WHAT TO PRODUCE:
Can the lines below, from the one that holds "- 【Cordless &" to the very end, be echoed exactly, with both ends included and no pictures?

ENTRIES PROVIDED:
===============

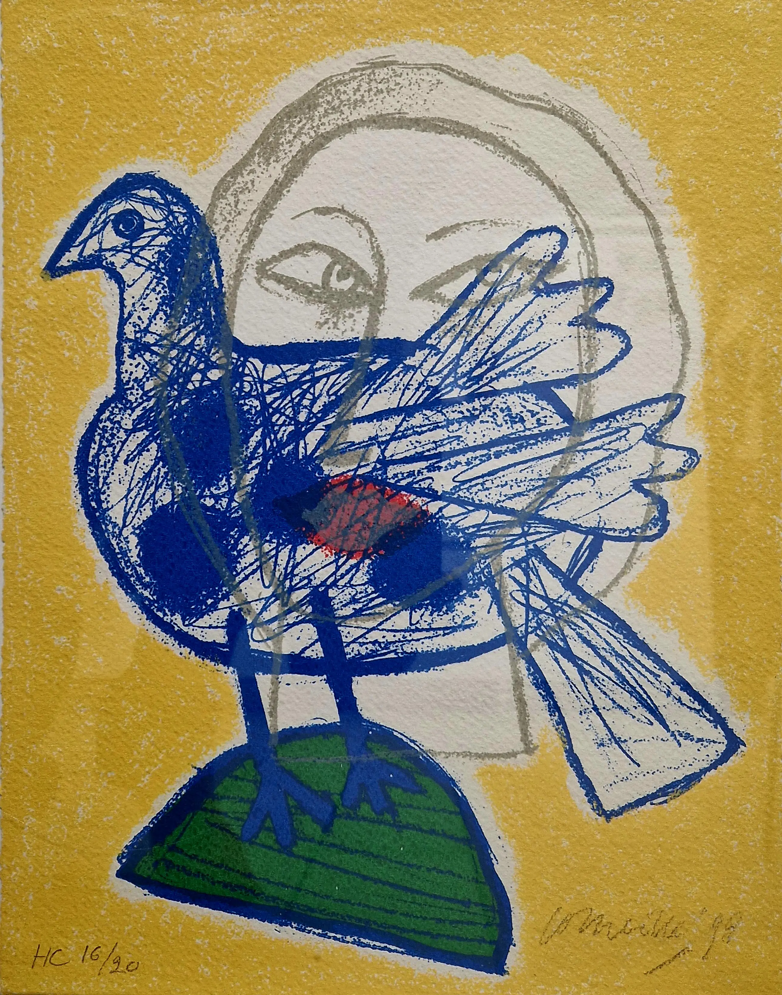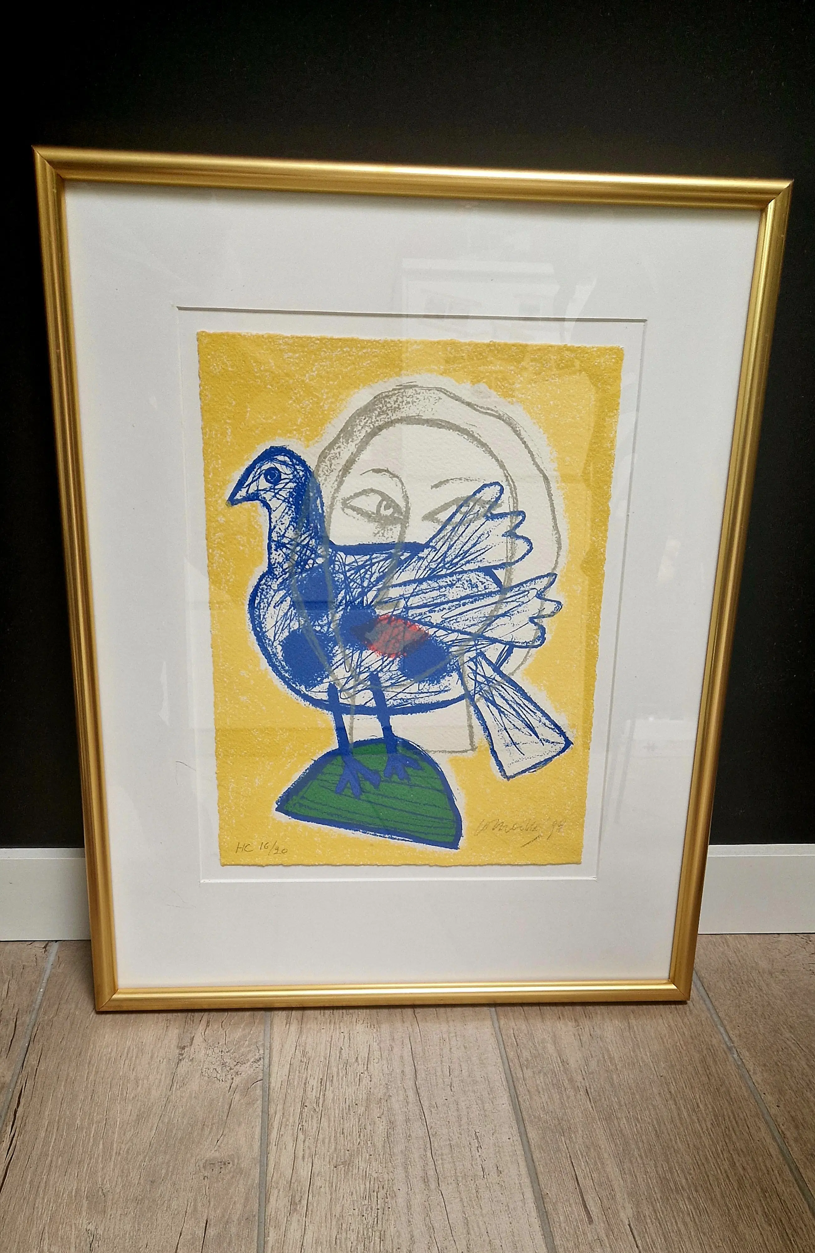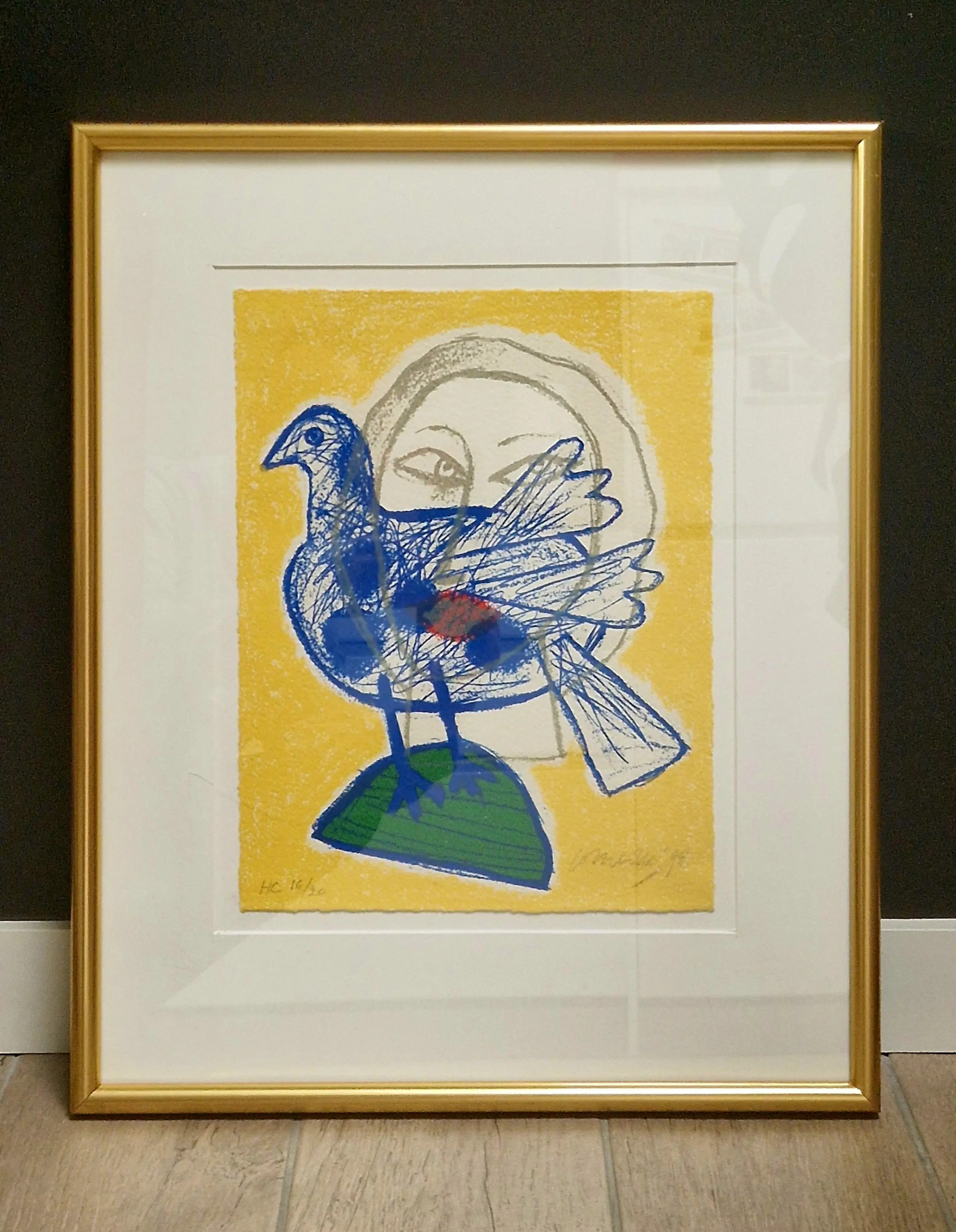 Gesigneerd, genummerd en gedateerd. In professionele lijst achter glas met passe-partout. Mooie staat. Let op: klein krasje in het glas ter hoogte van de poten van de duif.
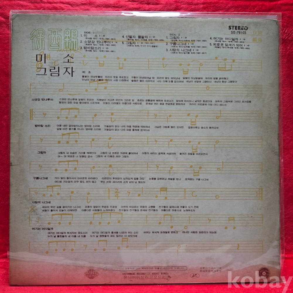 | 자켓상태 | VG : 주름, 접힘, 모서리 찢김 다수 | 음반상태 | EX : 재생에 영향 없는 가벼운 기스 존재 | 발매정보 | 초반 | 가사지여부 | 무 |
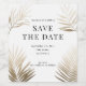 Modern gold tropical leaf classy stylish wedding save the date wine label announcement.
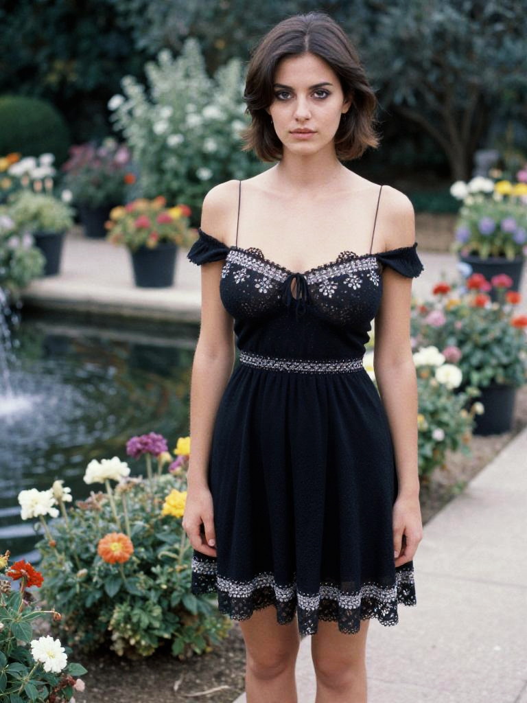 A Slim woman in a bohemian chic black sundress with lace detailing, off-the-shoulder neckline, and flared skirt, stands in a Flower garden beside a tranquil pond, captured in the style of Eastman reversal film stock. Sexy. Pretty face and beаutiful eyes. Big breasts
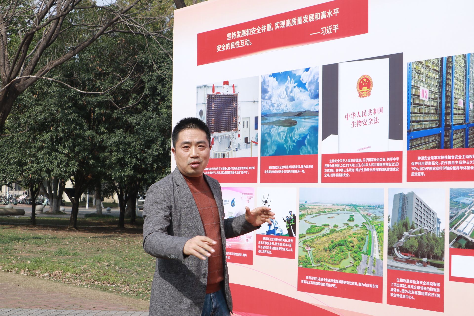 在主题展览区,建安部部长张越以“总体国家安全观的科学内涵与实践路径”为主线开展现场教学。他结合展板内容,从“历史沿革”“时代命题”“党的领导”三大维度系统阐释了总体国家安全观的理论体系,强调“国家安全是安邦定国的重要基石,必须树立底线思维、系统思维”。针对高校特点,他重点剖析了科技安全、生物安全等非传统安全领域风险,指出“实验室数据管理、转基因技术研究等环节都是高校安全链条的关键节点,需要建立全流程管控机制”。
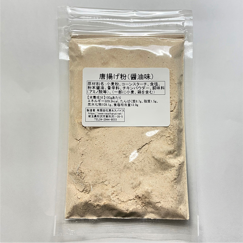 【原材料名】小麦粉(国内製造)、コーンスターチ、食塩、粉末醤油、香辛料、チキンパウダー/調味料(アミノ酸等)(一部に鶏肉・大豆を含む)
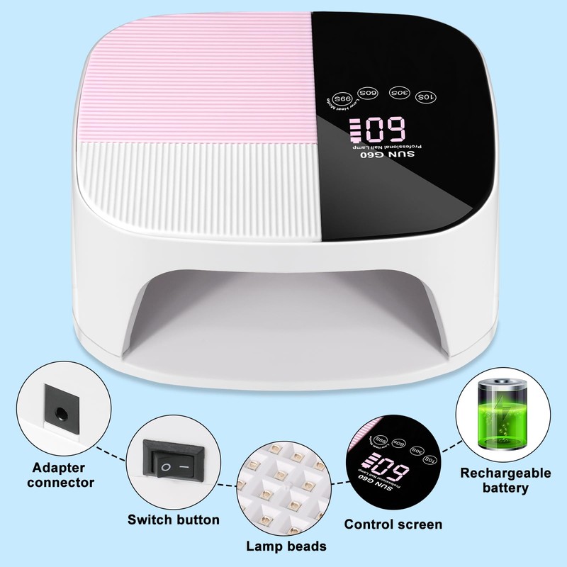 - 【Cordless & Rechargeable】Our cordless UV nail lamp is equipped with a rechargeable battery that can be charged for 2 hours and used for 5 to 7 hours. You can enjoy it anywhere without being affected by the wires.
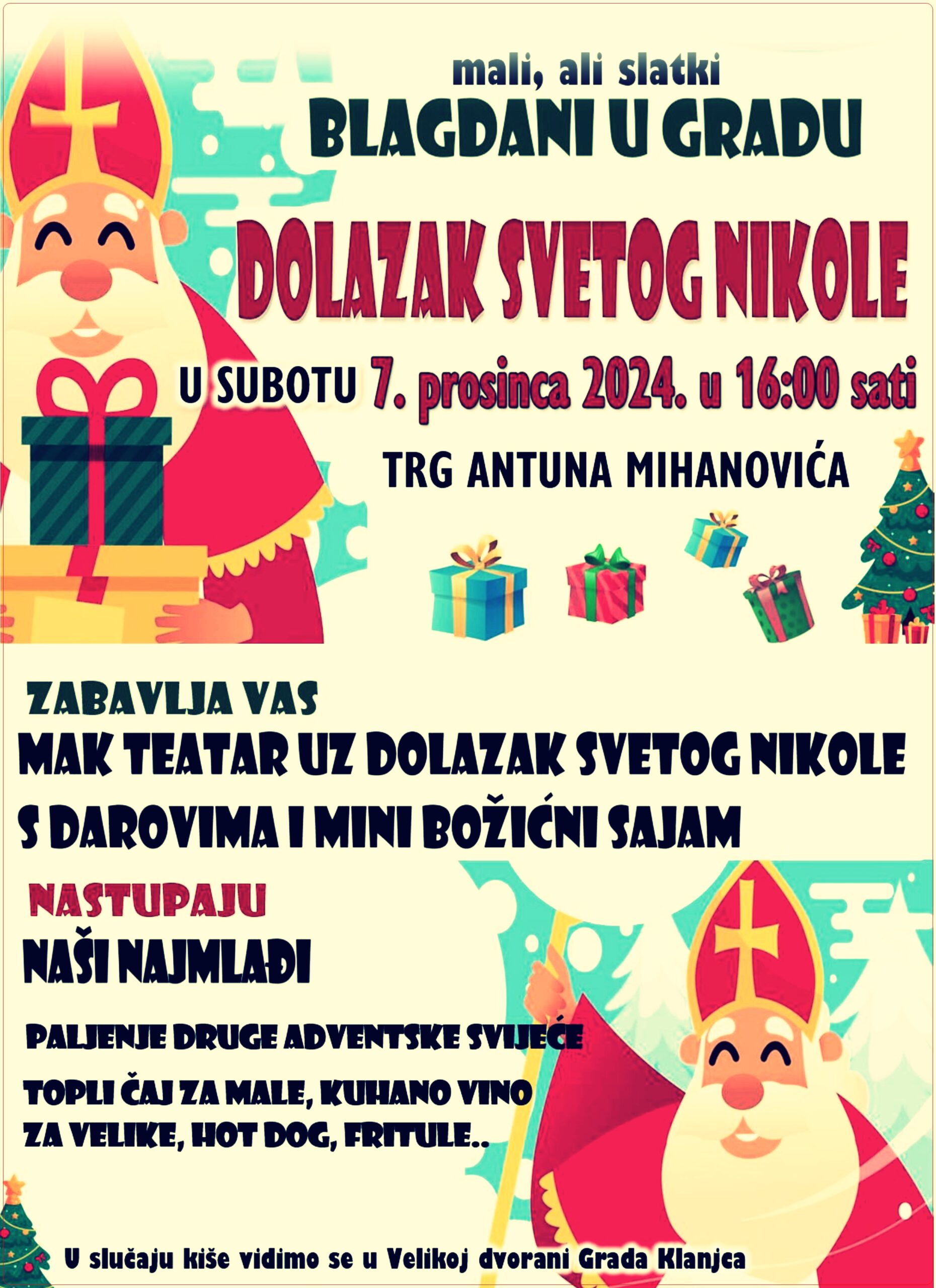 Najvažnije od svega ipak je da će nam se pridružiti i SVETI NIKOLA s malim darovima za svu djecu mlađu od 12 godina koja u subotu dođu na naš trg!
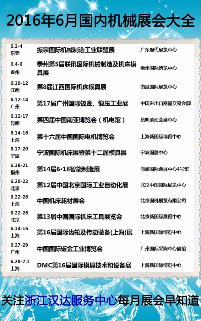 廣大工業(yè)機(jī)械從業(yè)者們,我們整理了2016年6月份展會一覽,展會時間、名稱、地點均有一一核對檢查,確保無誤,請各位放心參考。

===============

EXERCISE RESPONSE:
 - 【Cordless & Rechargeable】Our cordless UV nail lamp is equipped with a rechargeable battery that can be charged for 2 hours and used for 5 to 7 hours. You can enjoy it anywhere without being affected by the wires.
 Najvažnije od svega ipak je da će nam se pridružiti i SVETI NIKOLA s malim darovima za svu djecu mlađu od 12 godina koja u subotu dođu na naš trg!
 廣大工業(yè)機(jī)械從業(yè)者們,我們整理了2016年6月份展會一覽,展會時間、名稱、地點均有一一核對檢查,確保無誤,請各位放心參考。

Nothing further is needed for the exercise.